COLLECTED MATERIAL.
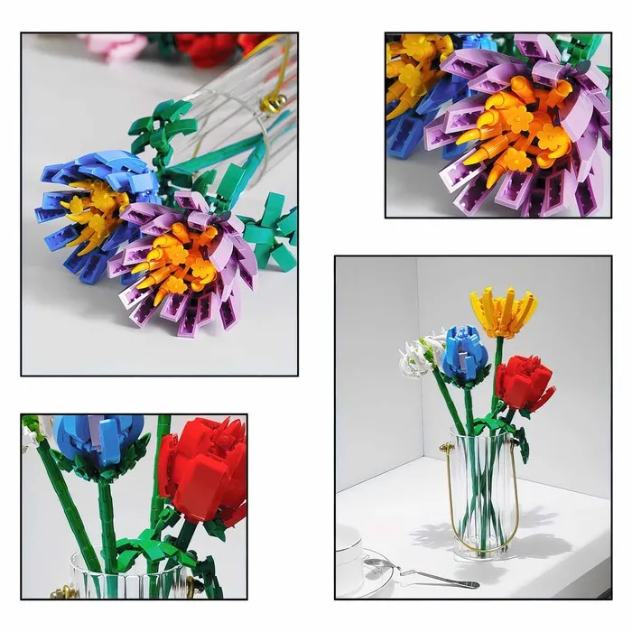 - 88 деталей: Набор включает все необходимые элементы для сборки цветка. Каждая деталь легко соединяется, обеспечивая удобство и удовольствие от процесса сборки.
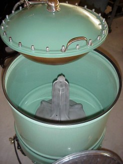 Gyrator washer, green porcelain tub, electric motor, with air compressor and clam shell
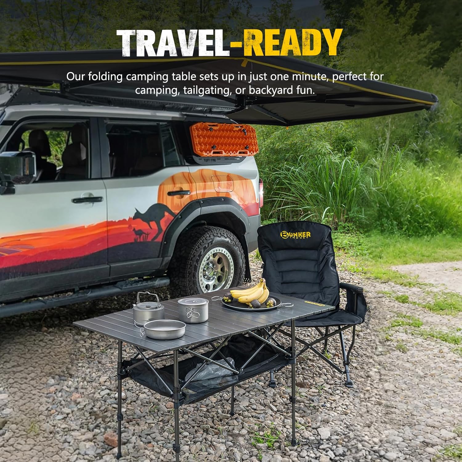 - Quick Setup: Our folding camping table sets up in under a minute, so you’re ready to go without the wait. Whether you’re at a campsite, the park, or in your own backyard, our camping table fits right in, offering a solid, stable surface for meals, games, or gear. With fast setup and reliable support, this table makes outdoor plans easier and gives you more time to enjoy the moment.
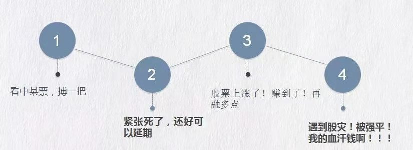 这个图大家一看就懂,它描述了一名股民在融资放杠杆时的心路历程。在股灾短短几个月期间,我亲眼目睹了有客户亏损70%~80%被强平的,也有倒欠证券公司债务的。多年累积的财富平白无故地蒸发了,有些中产家庭失去了翻盘的机会。

PROBLEM TO SOLVE.
Return the material word for word, images omitted.

REPLY.
 - 88 деталей: Набор включает все необходимые элементы для сборки цветка. Каждая деталь легко соединяется, обеспечивая удобство и удовольствие от процесса сборки.
 Gyrator washer, green porcelain tub, electric motor, with air compressor and clam shell
 - Quick Setup: Our folding camping table sets up in under a minute, so you’re ready to go without the wait. Whether you’re at a campsite, the park, or in your own backyard, our camping table fits right in, offering a solid, stable surface for meals, games, or gear. With fast setup and reliable support, this table makes outdoor plans easier and gives you more time to enjoy the moment.
 这个图大家一看就懂,它描述了一名股民在融资放杠杆时的心路历程。在股灾短短几个月期间,我亲眼目睹了有客户亏损70%~80%被强平的,也有倒欠证券公司债务的。多年累积的财富平白无故地蒸发了,有些中产家庭失去了翻盘的机会。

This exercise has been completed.